Two clocks $A$ and $B$ of radii $r$ and $R$ respectively, with $r<R$ , show the same time.

The tip of the minute hand of which clock will move with greater speed ?

Both will move with the same speed

B

A

They will not move at all

5 solutions

Sravanth C.
Feb 17, 2015

The radius of the clock B is bigger, so it has to travel longer distance. the radius of the clock A is smaller. therefore the minute hand of clock B should travel with greater speed to match the correct time.

But when we measure the velocity for circular motion, we usually consider the angular velocity. And shouldn't the angular velocity be the same for both the clocks?

Prasun Biswas - 6 years, 3 months ago

I too thought the same way..:(

Anandhu Raj - 6 years, 3 months ago

Angular velocity is same but not the linear speed. Linear speed is more for clock B (bigger than A) as linear velocity = angular velocity x radius.

Christiano Ronaldo - 6 years, 3 months ago

Its SPEED which is asked, not VELOCITY.

Ninad Jadkar - 6 years, 3 months ago

In my opinion, speed is an ambiguous term here which can either mean angular speed or linear speed and thus the problem needs to be rephrased.

Prasun Biswas - 6 years, 3 months ago

@Prasun Biswas – Agreed. Circular motion can be measured as angular speed or linear speed. This question must be rephrased.

Michael Horton - 6 years, 3 months ago

@Prasun Biswas – In my opinion too.

Ram Hegde - 6 years, 3 months ago

@Prasun Biswas – i've edited the question

Vaibhav Prasad - 6 years, 3 months ago

I too have the same question and the thinking in my mind,as inthe abovecomment

Ram Hegde - 6 years, 3 months ago

i've edited the question

Vaibhav Prasad - 6 years, 3 months ago

Great, but that doesn't help me much since my previous answer is still marked incorrect.

Prasun Biswas - 6 years, 3 months ago

Just the TIP of the minute hand goes faster in B. Both minute hands (that is both a line all the way from center) goes 360 degrees in 60 minutes. If you had put them on top of each other you would see they move the same, but the tip of B's minute hand is further out and will have to travel further than the rest of both hands. I wondered if this was a trick question and wondered a long time to choose answer 2 or 4... Just rephrase it. ;)

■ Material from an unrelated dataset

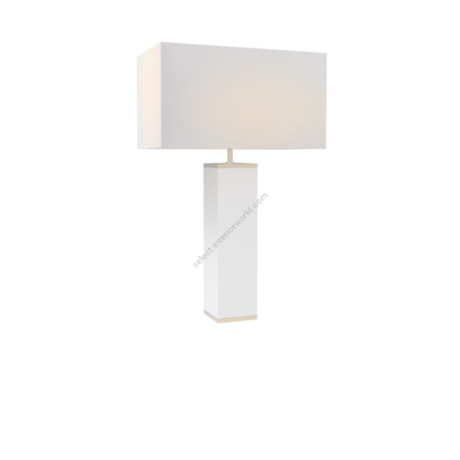 Its composition with base in lacquered wood and details in brass in gold finish and rectangular lampshade in white fabric, creates a harmony of shapes and colors that enhances the elegant and precious aesthetics. Available in various colors.

Solveig Lyby - 6 years, 3 months ago

i've edited the question

Vaibhav Prasad - 6 years, 3 months ago

Basically, $v=\omega r$ , right?

Parag Zode - 6 years, 1 month ago

Christian Leonardi
Feb 18, 2015

Easy,u can do it with 10 seconds. First,the clocks around the world have same angular speed,Then Omega(Angular speed)xR(Radii)=V(speed)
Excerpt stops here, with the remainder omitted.